BEGIN

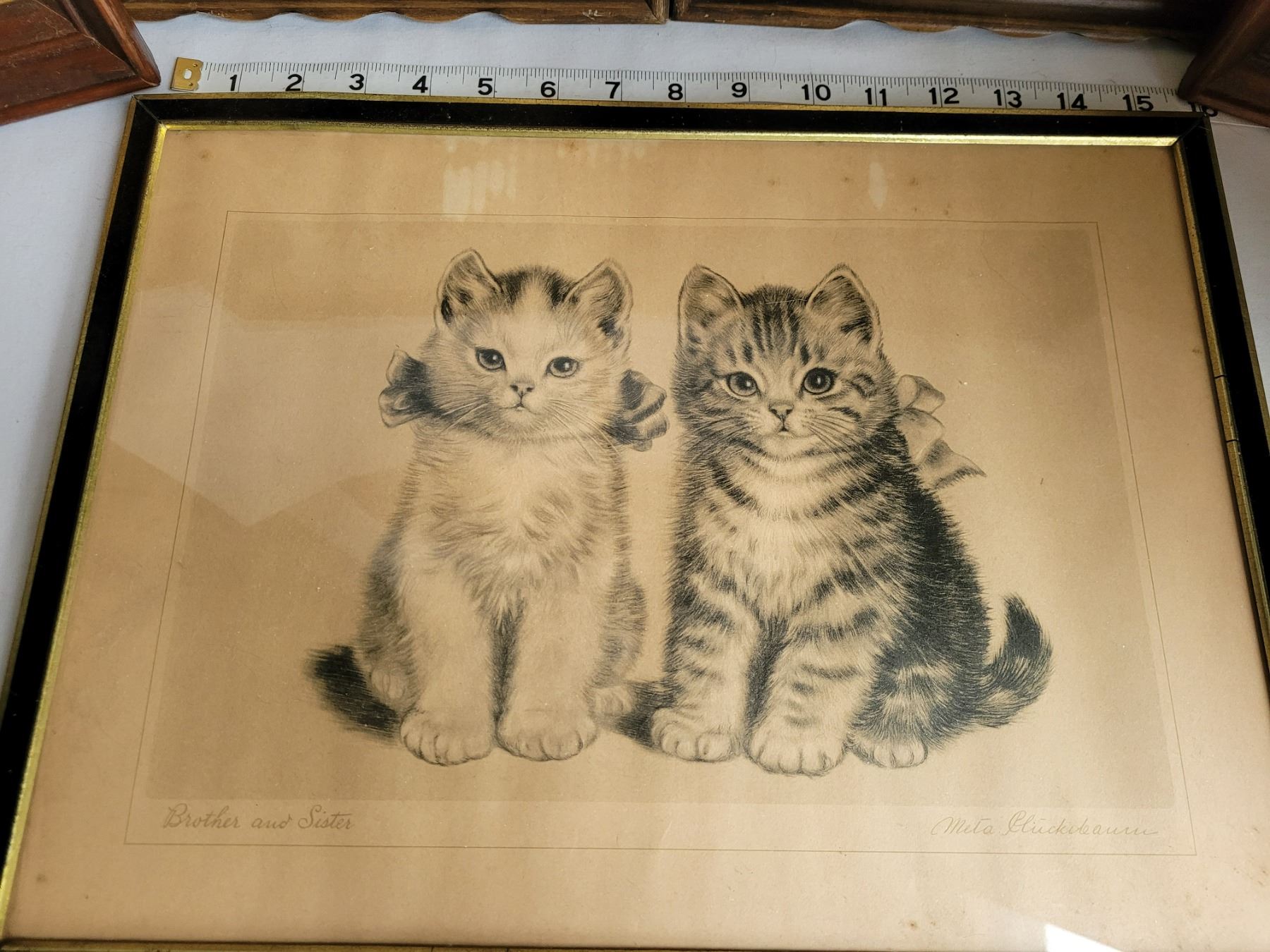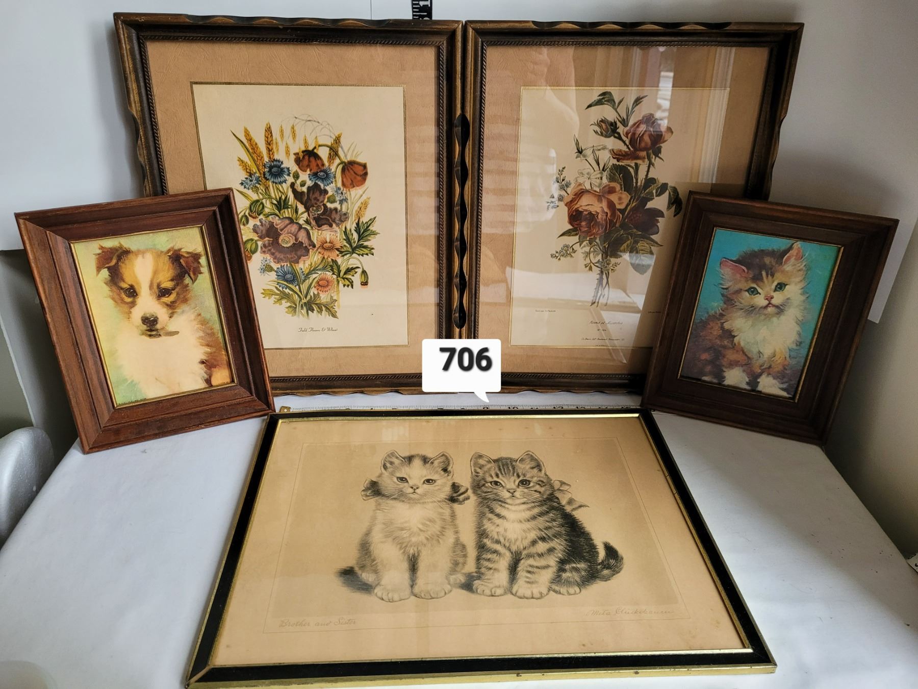 Sketch by Meta Clucki plus 4 framed vintage pictures.
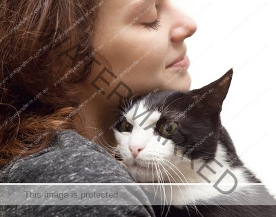 beautiful young woman with monochrome black and white cat isola
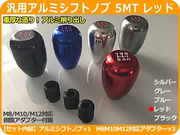 - 汎用アルミシフトノブ 5MT M8/M10/M12アダプター付属 レッド
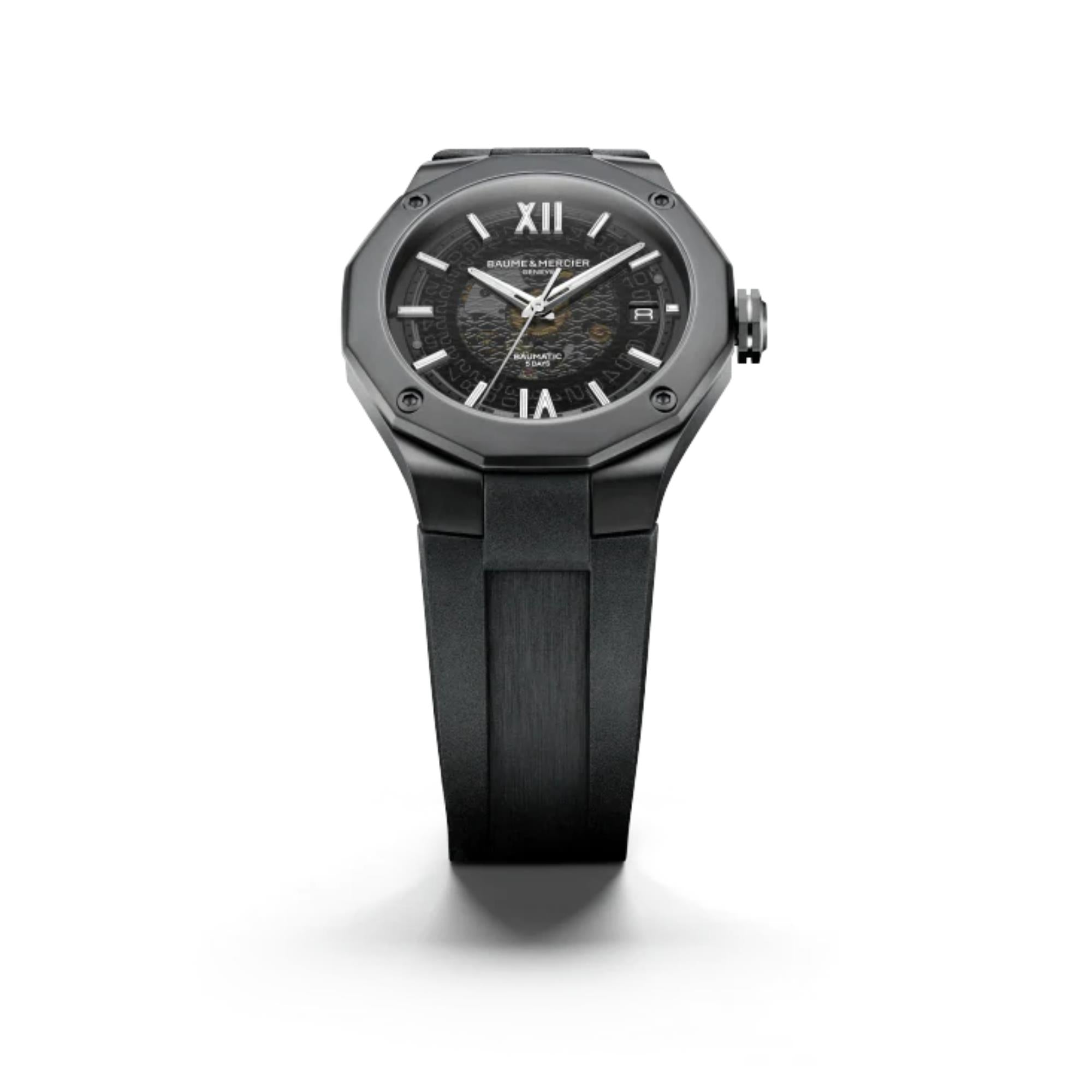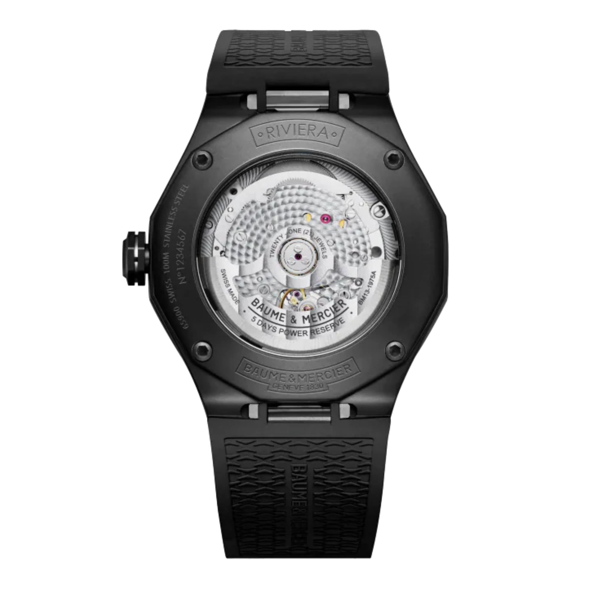The Baume & Mercier Riviera boasts a black steel-ADLC case that measures 42.1mm in diameter and 10.66mm in thickness. It showcases a dodecagonal bezel equipped with four screws and polished sides. It also features a push-pull crown that is located at 3 o’clock, it is embossed with the Baume & Mercier logo. The watch is protected by sapphire crystal glass, ensuring enduring clarity through exceptional scratch resistance. Sapphire crystal is also used on the back of the case for the exhibition caseback that provides the wearer with an insight into the watch’s inner movements.
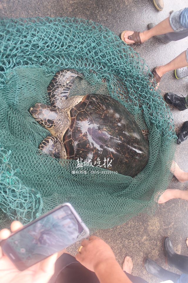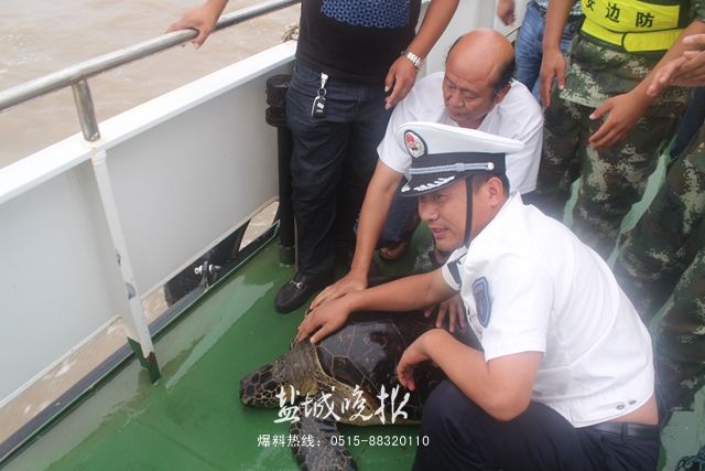 9月11日中午12时30分,东台海洋滩涂与渔业局工作人员、渔民代表、动物保护志愿者及渔政执法人员乘坐中国渔政32532船,将绿海龟送往弶港以东约10海里处放生。“那里有深槽,深约8~10米,适合放生。”东台渔政监督大队副大队长叶荣说。
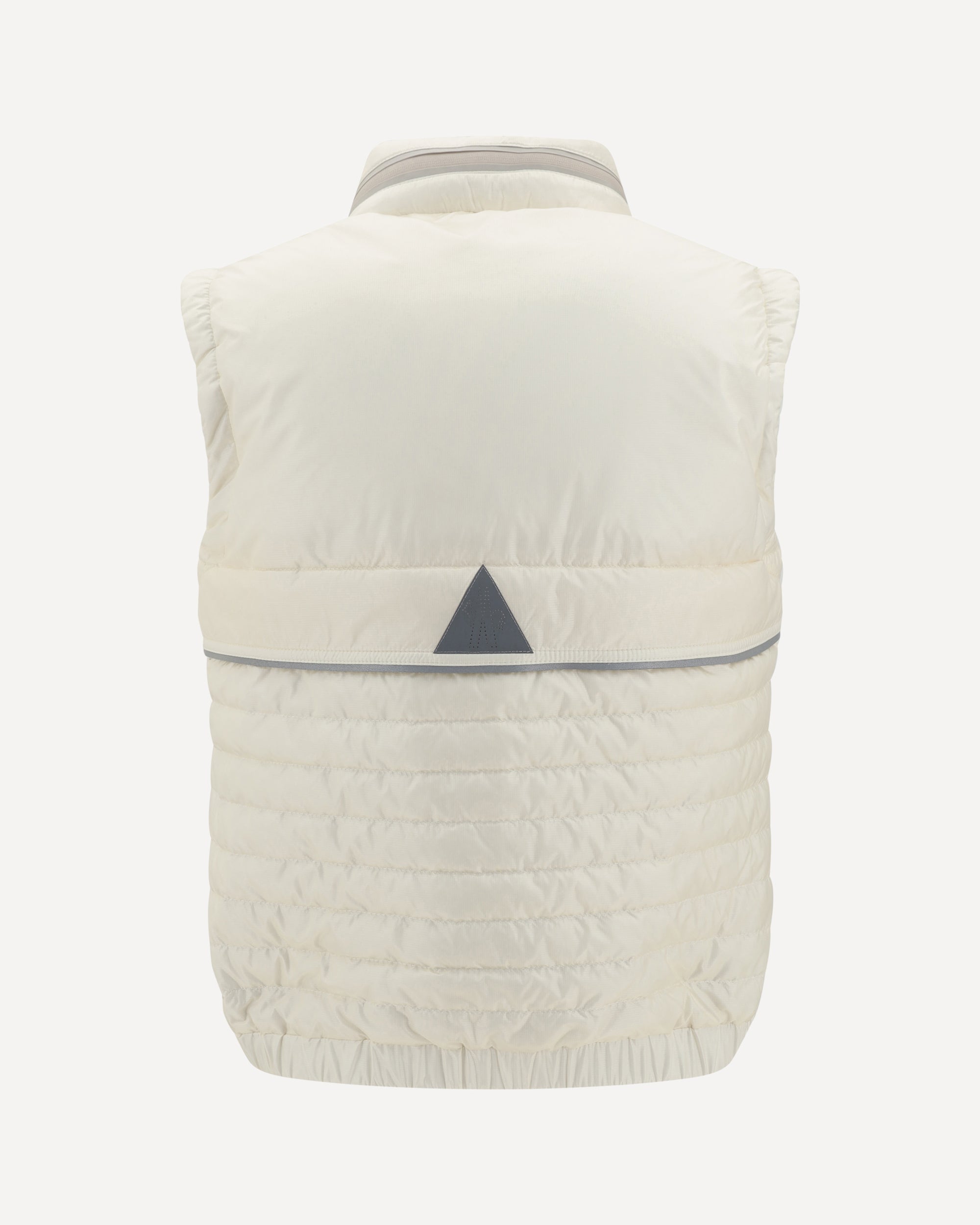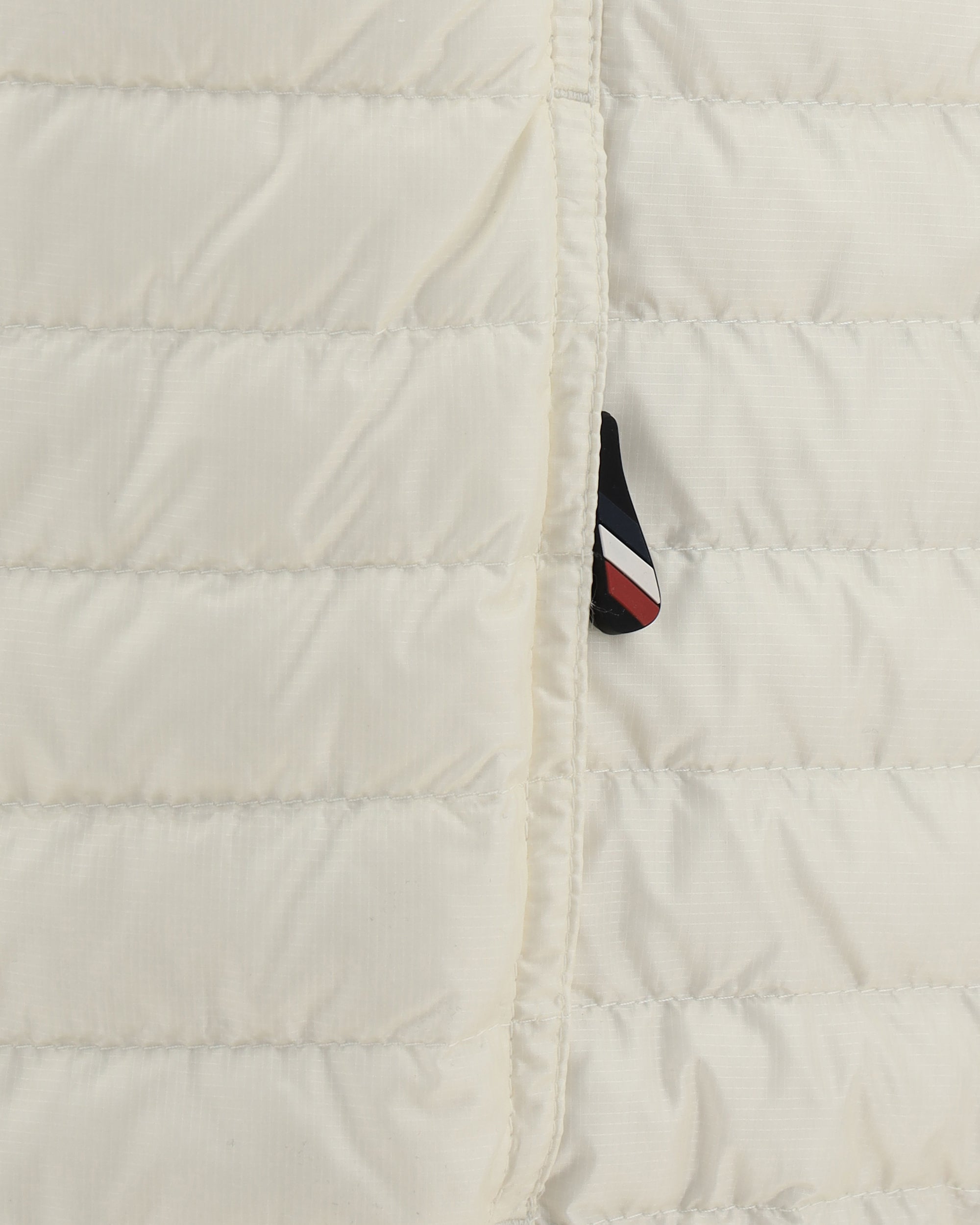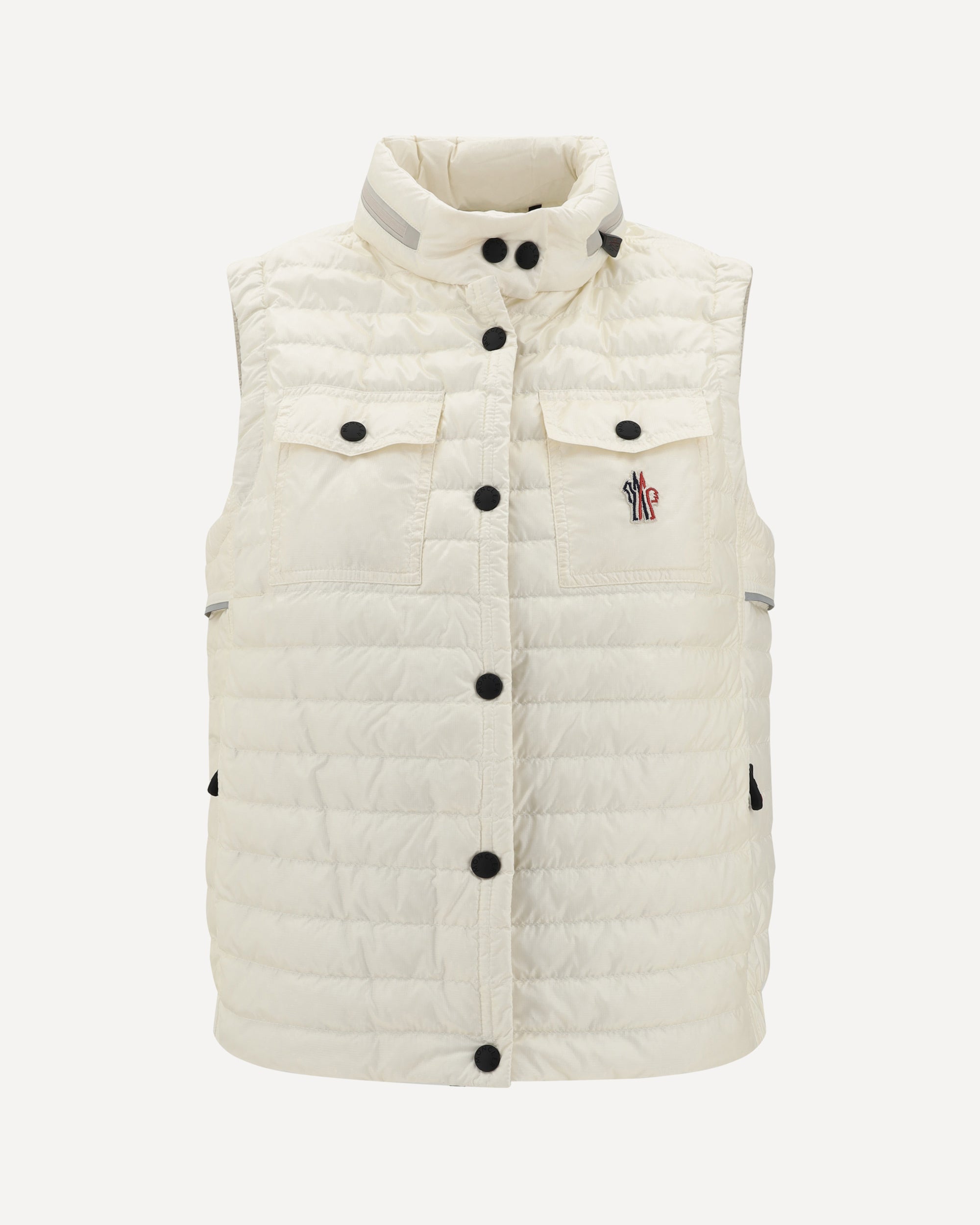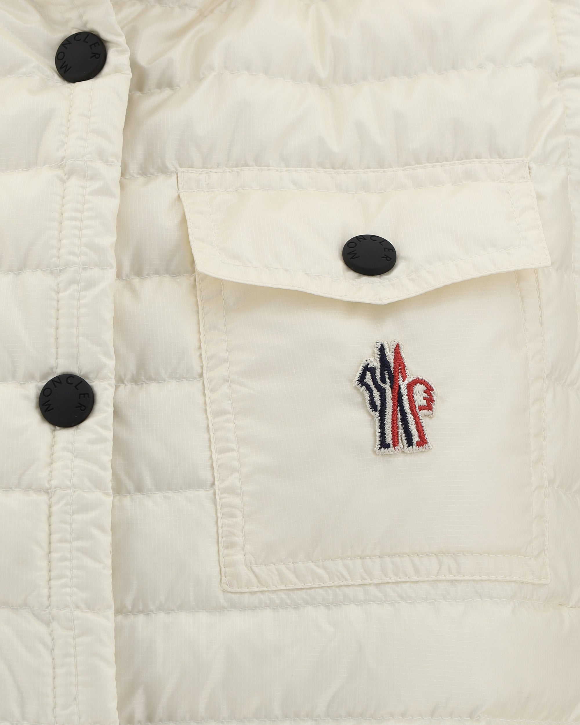 The Gumiane down Gilet by Moncler Grenoble is a practical and trendy garment ideal for cooler days. The front snap closure offers a secure and comfortable fit, while the two patch pockets on the front add functionality. The padded, quilted design provides warmth without sacrificing elegant style. The brand's iconic logo patch stitched on the front adds a distinctive and recognizable touch. Perfect for a sporty-chic look, this vest is a must-have for those seeking quality and style.

END

WORK TO COMPLETE: Using the material above, reproduce only the lines that run from the line with "beautiful young woman" up to and including the line with "9月11日中午12时30分,东台海洋滩涂", exactly, with the pictures dropped.

TASK OUTPUT:
 beautiful young woman with monochrome black and white cat isola
 - 汎用アルミシフトノブ 5MT M8/M10/M12アダプター付属 レッド
The Baume & Mercier Riviera boasts a black steel-ADLC case that measures 42.1mm in diameter and 10.66mm in thickness. It showcases a dodecagonal bezel equipped with four screws and polished sides. It also features a push-pull crown that is located at 3 o’clock, it is embossed with the Baume & Mercier logo. The watch is protected by sapphire crystal glass, ensuring enduring clarity through exceptional scratch resistance. Sapphire crystal is also used on the back of the case for the exhibition caseback that provides the wearer with an insight into the watch’s inner movements.
 9月11日中午12时30分,东台海洋滩涂与渔业局工作人员、渔民代表、动物保护志愿者及渔政执法人员乘坐中国渔政32532船,将绿海龟送往弶港以东约10海里处放生。“那里有深槽,深约8~10米,适合放生。”东台渔政监督大队副大队长叶荣说。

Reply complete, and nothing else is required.